━━━━━ INFORMATION SUPPLIED

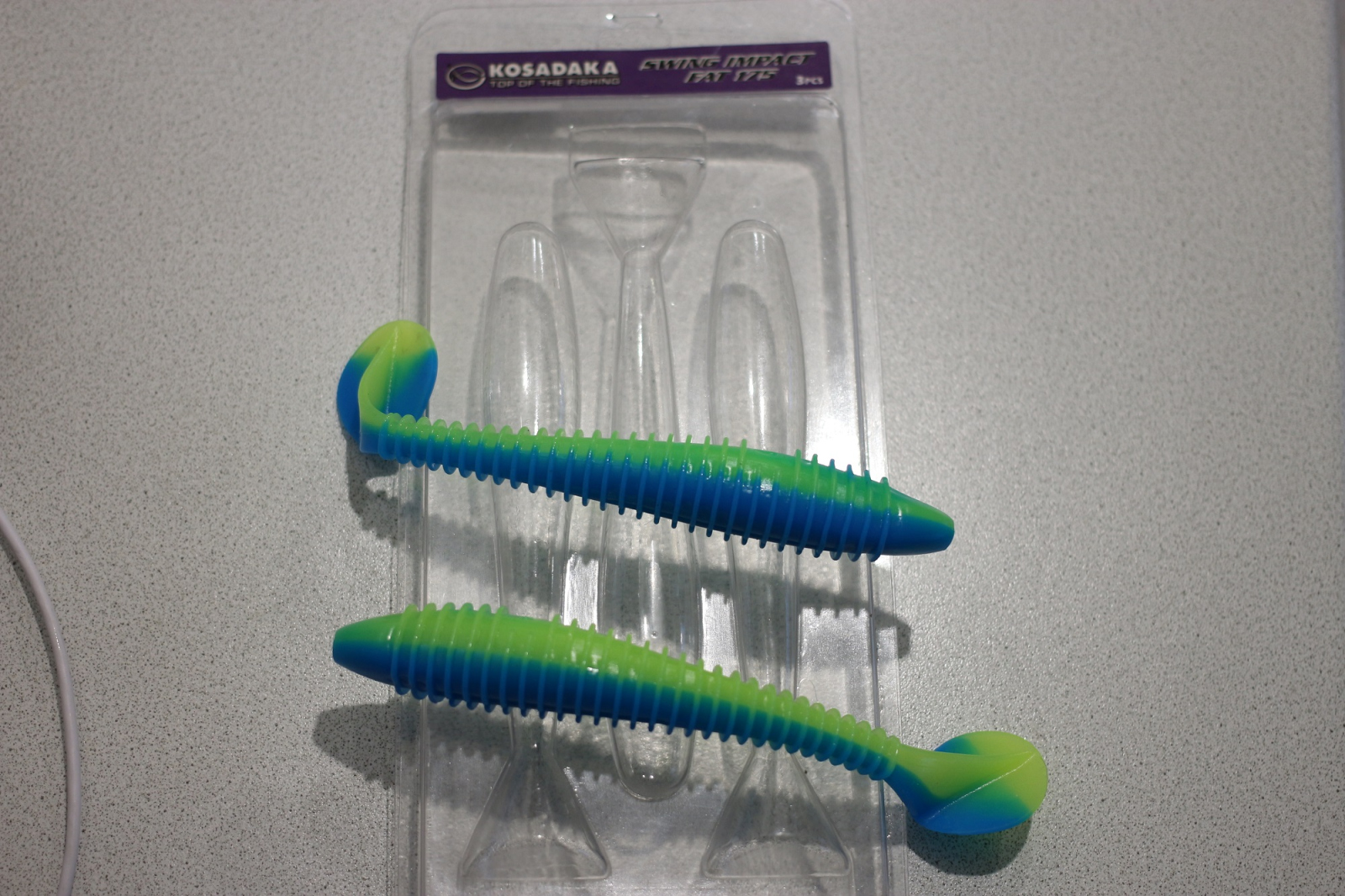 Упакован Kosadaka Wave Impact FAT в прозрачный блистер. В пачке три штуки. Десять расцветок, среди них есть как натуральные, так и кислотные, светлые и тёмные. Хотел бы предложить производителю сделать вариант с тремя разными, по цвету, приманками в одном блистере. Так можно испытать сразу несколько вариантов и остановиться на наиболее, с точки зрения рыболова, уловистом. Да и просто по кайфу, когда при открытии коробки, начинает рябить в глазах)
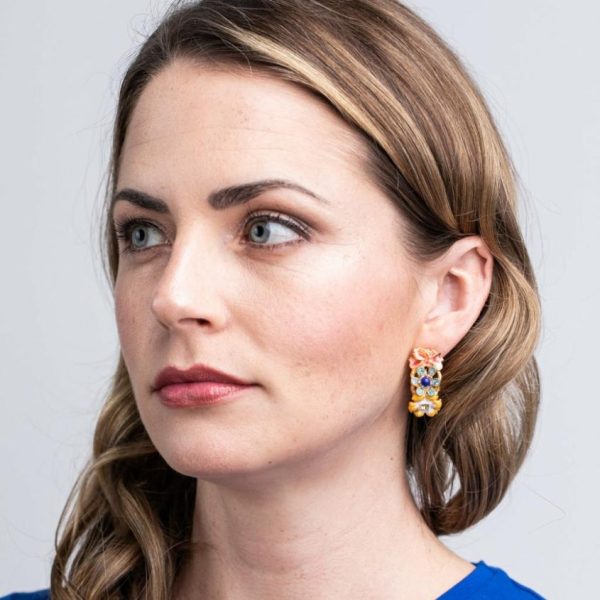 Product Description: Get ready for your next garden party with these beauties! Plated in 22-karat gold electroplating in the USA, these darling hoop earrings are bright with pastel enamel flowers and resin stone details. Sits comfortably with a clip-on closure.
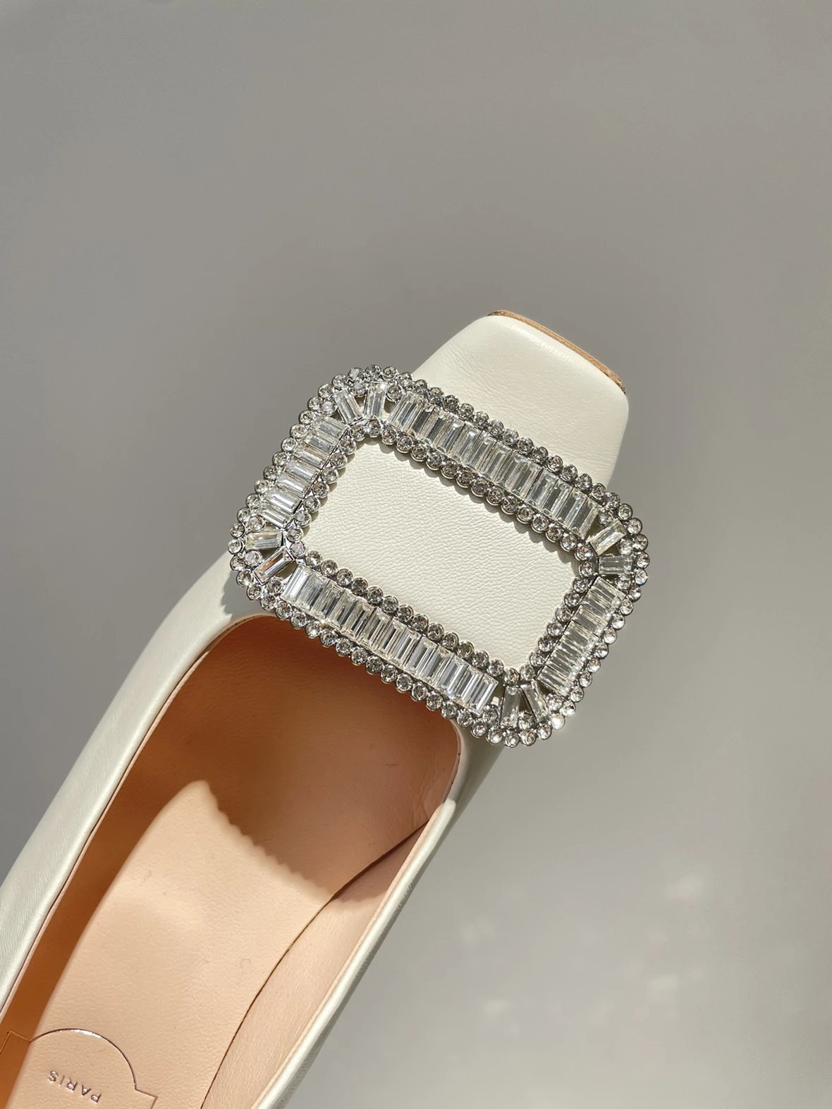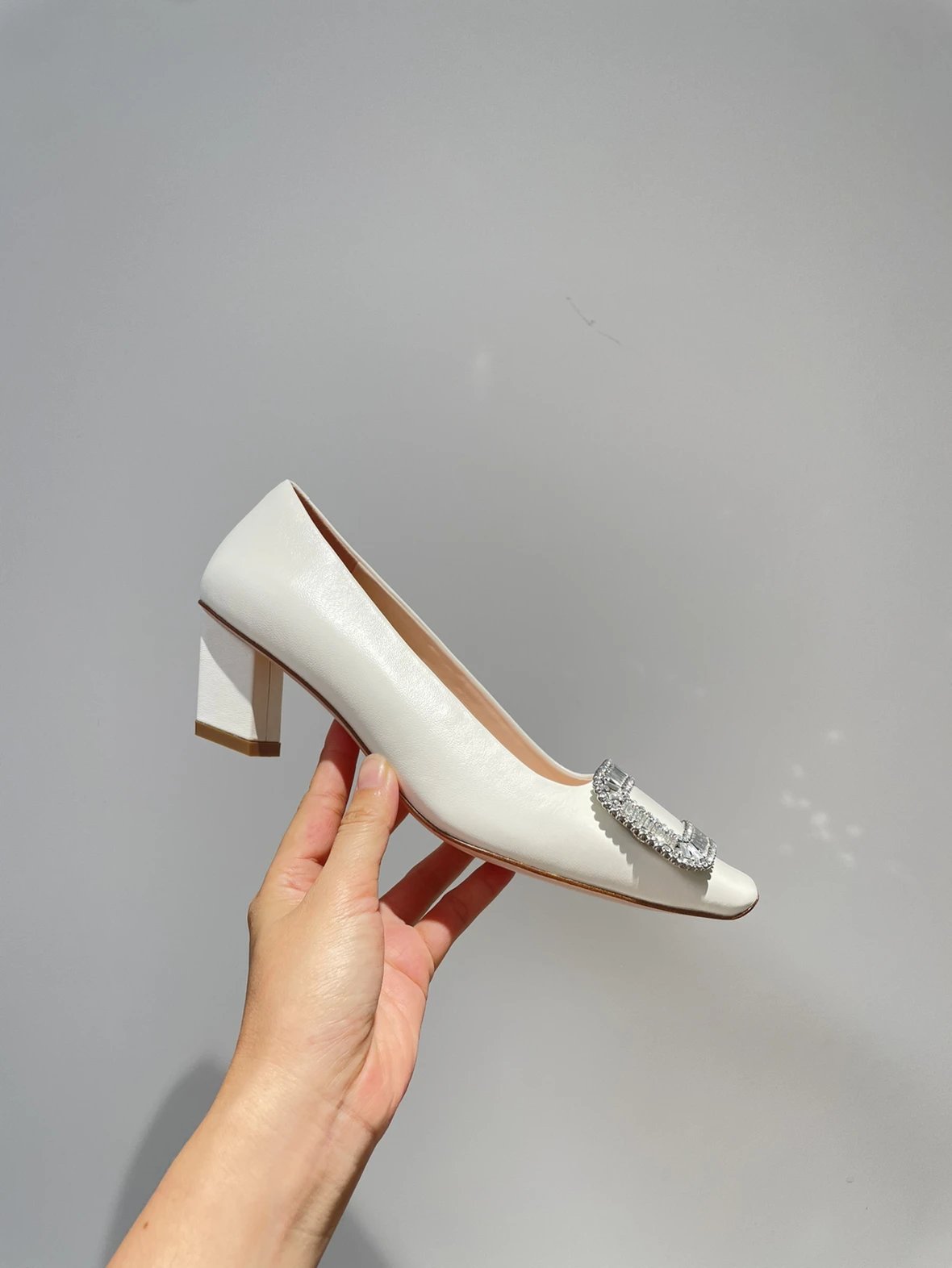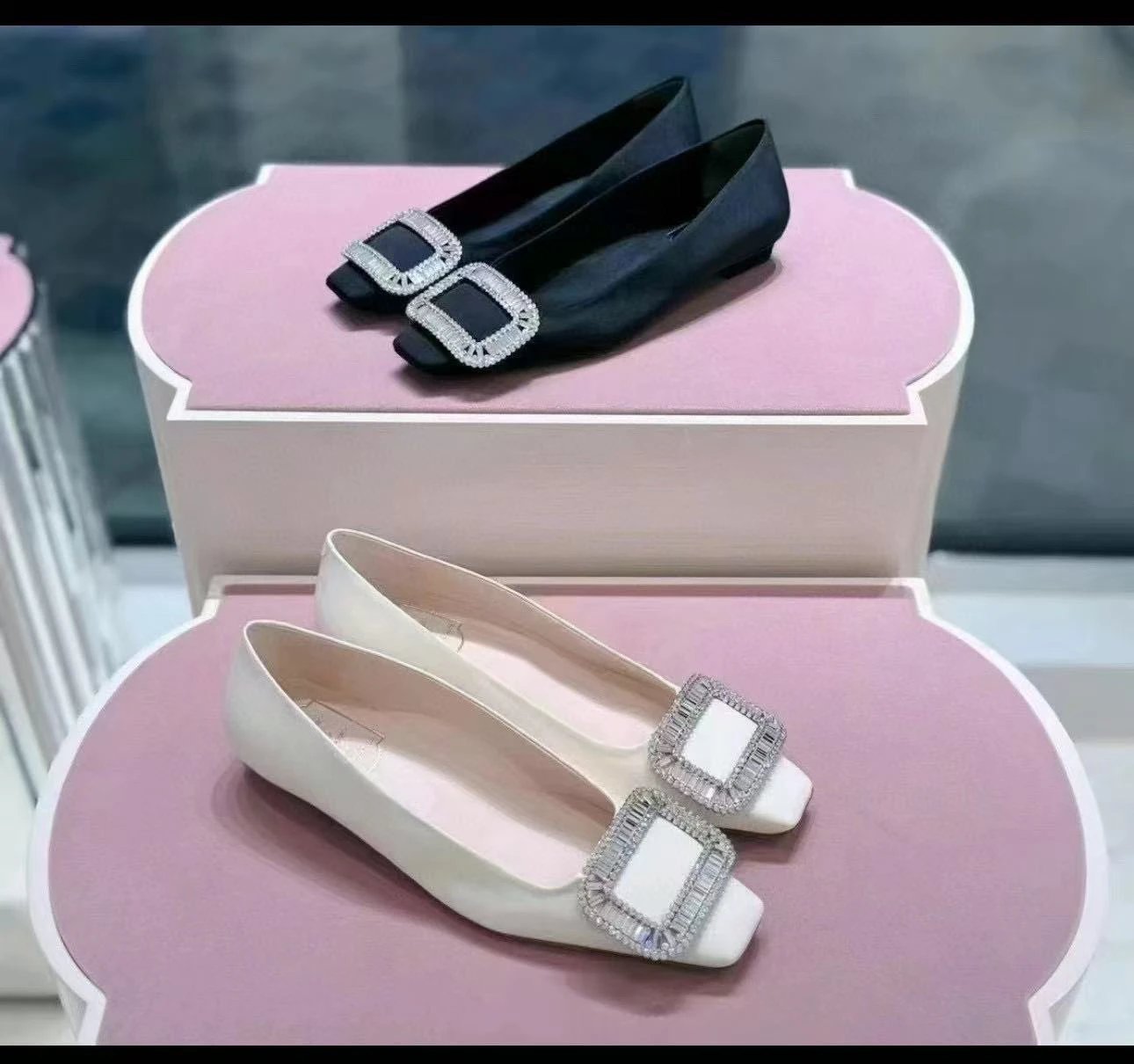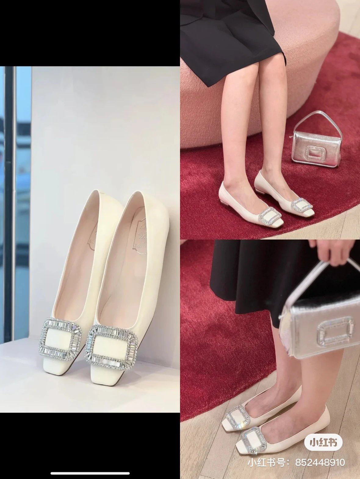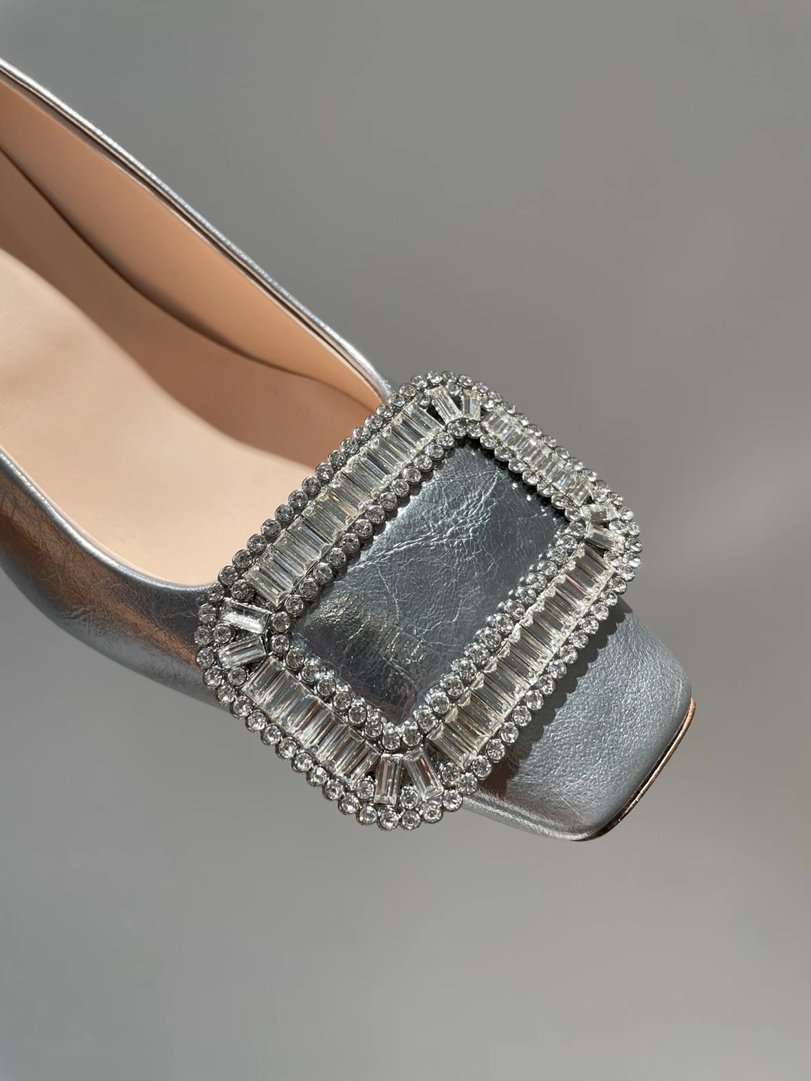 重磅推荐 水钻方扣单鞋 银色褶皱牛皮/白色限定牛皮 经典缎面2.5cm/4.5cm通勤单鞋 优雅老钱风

━━━━━━━━━━

### INSTRUCTIONS FOR THE TASK
The lines above must be transcribed exactly, with every picture left out.

### OUTPUT
 Упакован Kosadaka Wave Impact FAT в прозрачный блистер. В пачке три штуки. Десять расцветок, среди них есть как натуральные, так и кислотные, светлые и тёмные. Хотел бы предложить производителю сделать вариант с тремя разными, по цвету, приманками в одном блистере. Так можно испытать сразу несколько вариантов и остановиться на наиболее, с точки зрения рыболова, уловистом. Да и просто по кайфу, когда при открытии коробки, начинает рябить в глазах)
 Product Description: Get ready for your next garden party with these beauties! Plated in 22-karat gold electroplating in the USA, these darling hoop earrings are bright with pastel enamel flowers and resin stone details. Sits comfortably with a clip-on closure.
 重磅推荐 水钻方扣单鞋 银色褶皱牛皮/白色限定牛皮 经典缎面2.5cm/4.5cm通勤单鞋 优雅老钱风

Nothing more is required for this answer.